It is only natural for a student to ask "What will get me good marks?" In assessing theses, some universities have marking schemes --- u marks are allocated for the project design, v marks are allocated for the conduct of the experiment or survey, w marks are allocated for the general writing of the thesis, x marks are allocated for the review of previous literature, y marks are allocated for the presentation of the results, z marks are allocated for the interpretation of the findings, and so on. Other universities have no such marking scheme. (Even where one exists, it is very often impracticable to use it strictly.) My advice in such a situation may be different from that of others. But, for what it's worth, here it is. My impression is that students typically spend too much time reviewing past literature, and not enough time thinking about it and criticising it. The student's ideas need to be firmly grounded in established wisdom, not plucked out of cloud cuckoo land. But the thing that will most impress the marker of a thesis is a focus on the central ideas, a willingness to criticise imprecise thinking by previous authors, the dissection of what is essential from what is less relevant, and the demonstration of how the student's ideas sharpen what has previously been blunt. In other words, intellectual oomph.
An important issue is that of what to study. If you have ideas, there's no problem. But, is there anything you can do to prompt ideas to come to you? Or, in the absence of ideas, how can you do something worthwhile? I don't suppose there's a complete answer to these questions, but the following comments are intended to be helpful.To get ideas, expose yourself to them.
- Talk to someone about your research. Your mum or dad, for example. Or (though I've never tried this) the top stream of 13-year-olds at your local selective high school. Brainstorming with your colleagues is better than nothing, but you're not really forced to decode your talk sufficiently. Anyway, there are other uses for your colleagues, such as being rude to you. It is tremendously valuable if there's someone in your circle who can bring off the trick of being rude without causing offence. Suppose you are a cognitive psychologist, and in a seminar you claim that "activation flows through the levels" of your model. You benefit if someone from another tradition confronts you with the claim that "activation", "flows", and "levels" are all meaningless. It is generally up to the young to do this. Informal seminars, where you listen to others, and talk yourself, are an important part of this.
- Read widely. (But remember what I said earlier: reading is not what research is about. Indeed, I would say there is a type of personality for whom too much reading is a major danger to their ever doing anything worthwhile.)
- How to read: read the title, skim the abstract, look at the pictures and maybe the tables, and if there's anything interesting, then consult the text, looking for that specific point. (No-one starts at the beginning of a paper and works their way through to the end.)
- What to read: many of the "prestigious" journals are best avoided, as they have got into the habit of attending to a lot of details that everyone knows are unimportant, thus diluting the real message. The papers are polished and bland, and the reader is sucked into taking them on their own terms. You need something rougher, that you can get to grips with.
- Comments and letters in any journal. Whatever the point is, it is made quickly. Furthermore, an area of controversy may be highlighted for you.
- Journals from outside your main discipline that are relevant to your topic. For example, if your own discipline is psychology, see what the management, sociology, medicine, and engineering journals are saying about your topic. They may very well take sufficiently different an attitude to provoke thought. And interdisciplinary journals, e.g. on the borders of music and psychology, or law and statistics.
- For the same reason, journals from countries that Americans have never heard of (such as Germany, India, and Japan).
- Low prestige journals sometimes publish simple data on unusual questions --- if the topic attracts you, ideas for improving the method or generalising the results will soon come.
- For the same reason, you can often find mental stimulation in journals from 60 or 80 years ago.
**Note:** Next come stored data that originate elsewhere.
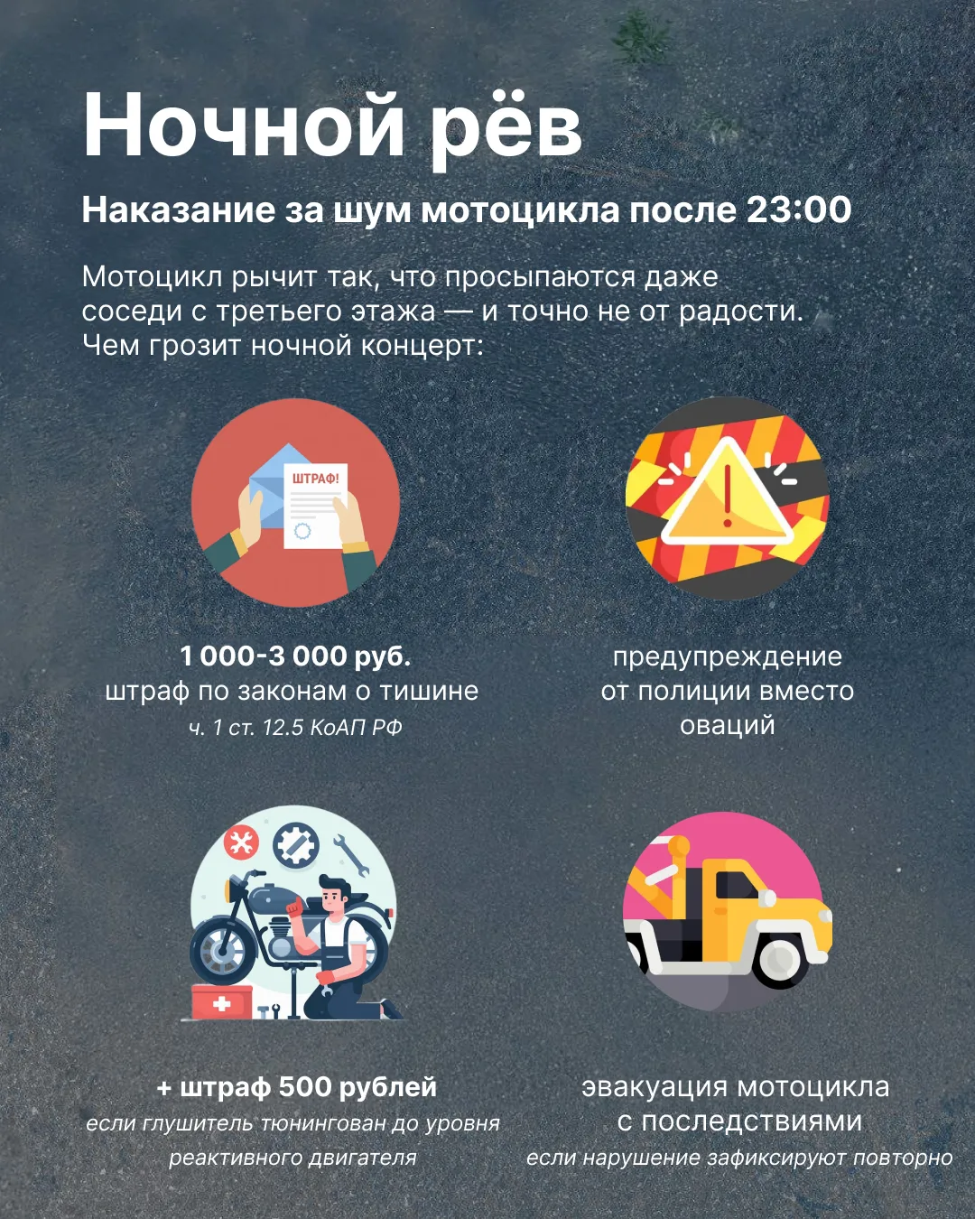 Сохраняйте и отправляйте владельцам мотоциклов. Давайте вместе предотвращать аварии и бороться с ночным рычанием!
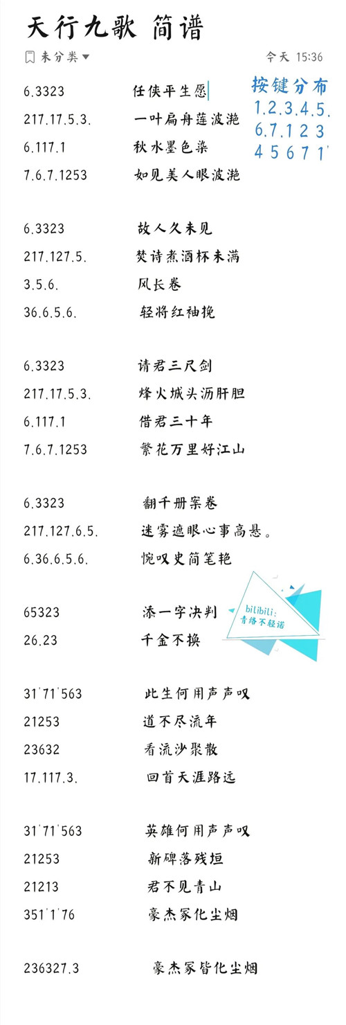 光遇天行九歌乐谱及演奏教程分享
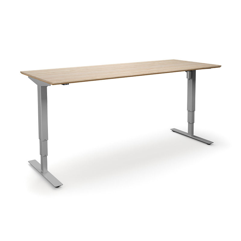 Höj och sänkbart skrivbord Atlanta Trend, rak, LxB 2000x800 mm, ek/silver, ett elektriskt höj och sänkbart skrivbord. Bordskivan kommer med fasade kanter vilket ger en stilren känsla av ett tunt och modernt höj och sänkbart skrivbord som är tilltalande för ögat. De rundade hörnen är gjorda för att passa in i en modern kontorsmiljö med fristående placering av skrivbord. Bordskivan är tillverkad i 25 mm tjock MDF belagd med vit laminat samt en 10 mm vit kantlist av ABS-plast. Det höj och sänkbara stativet är lackerat i vitt, svart eller silver. Höj och sänkbart H 630-1280 mm (slaglängd 650 mm) hastighet 25 mm/s, Maxbelastning 150 kg vid utbredd belastning.
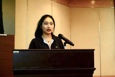 接着,教师代表王宁上台讲话。王宁教授向毕业生们分享了三点感悟。第一,要想做事先做人,专业技能固然重要,但胸怀、品格对一个人成功与否、达到怎样的人生高度也有重要影响;第二,在这个世界上谁都不欠你什么,我们要懂得感恩、回馈、分享;第三,让优雅成为习惯,怀着永远向美的追求。最后,王教授送给毕业生一句话作为勉励:我的耳畔反复回响着荣誉、责任、国家。
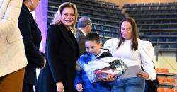 En total fueron distribuidos 26 mil 820 uniformes y 24 mil 241 tenis, en beneficio de alumnas y...
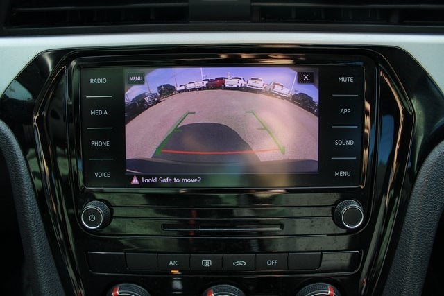 EQUIPPED WITH Cloth, 17 x 7J 10-Spoke Alloy Wheels, 4-Wheel Disc Brakes, 6 Speakers, ABS brakes, Air Conditioning, Alloy wheels, AM/FM radio: SiriusXM, Brake assist, Bumpers: body-color, Cloth Seating Surfaces, Delay-off headlights, Driver door bin, Driver vanity mirror, Dual front impact airbags, Dual front side impact airbags, Electronic Stability Control, Emergency communication system: VW Car-Net services (capabilities require enrollment or subscription), Exterior Parking Camera Rear, Four wheel independent suspension, Front anti-roll bar, Front Bucket Seats, Front Center Armrest, Front Comfort Seats, Front reading lights, Fully automatic headlights, Heated door mirrors, Illuminated entry, Leather Shift Knob, Leather steering wheel, Low tire pressure warning, Occupant sensing airbag, Outside temperature display, Overhead airbag, Overhead console, Panic alarm, Passenger door bin, Passenger vanity mirror, Power door mirrors, Power steering, Power windows, Radio data system, Radio: Composition Media w/Touchscreen, Rear anti-roll bar, Rear seat center armrest, Rear window defroster, Remote keyless entry, Speed control, Speed-sensing steering, Split folding rear seat, Steering wheel mounted audio controls, Tachometer, Telescoping steering wheel, Tilt steering wheel, Traction control, Trip computer, Turn signal indicator mirrors, and Variably intermittent wipers.

- Your attitude: sympathetic criticism. So much junk is published that a degree of sceptical hostility is appropriate when approaching most papers (unless the author is on the Approved List). But temper this with sympathy: a paper may be useless to you, and it may even be clear that by any reasonable standard the research was a waste of time, but yet the method may be useful to one reader, a detail in the results may be just what a second reader is looking for, and a third reader may find her thoughts clarified by a point in the discussion. If someone says your paper is trash, retort that anyone who writes a decent paper can get it published, but it takes real talent to get rubbish into print.
- Forget harsh realities for a moment, and think seriously about what question really interests you, gets you passionate. Even though you're trying to keep your mind on the ideal, you will find practicalities obtrude themselves. Some of these practical problems may turn into research projects.
- Look to a leisure interest of yours for inspiration. Many students are interested in at least one of music, sport, and politics; well, if their academic subject is psychology, surely this has some interesting things to say about all of these? The same goes for many other academic subjects.
- Many of us are lucky enough to have easy access to computerised databases. Try searching them with an unusual combination of words, e.g. statistics and music, or laughter and Wagner, or measurement and theology.
- Ask successful researchers in your department whether they have any particular methods for getting ideas to come.
- I find making lists, and then organising them, often useful. Lists of what? Of questions, possible experiments, possible surveys, sources of data, ways of operationalising a concept, ways in which your supervisor could be more helpful.
- Draw an analogy. (Theoretical, or method of analysis.)
- Thought experiments. If the results were to be. then we would conclude. On the other hand, if they were to be. our conclusion would be.
- Criticise a paper by someone else.
- Can I improve the experiment?
- Can I improve the theory? In statistical modelling, one might replace a discrete variable with a continuous variable, or vice versa --- e.g. if "blue" and "white" types have been proposed, replace them with a trait ("blueness").
- Can I refine the definition?
- Can I broaden the circumstances in which the effect occurs?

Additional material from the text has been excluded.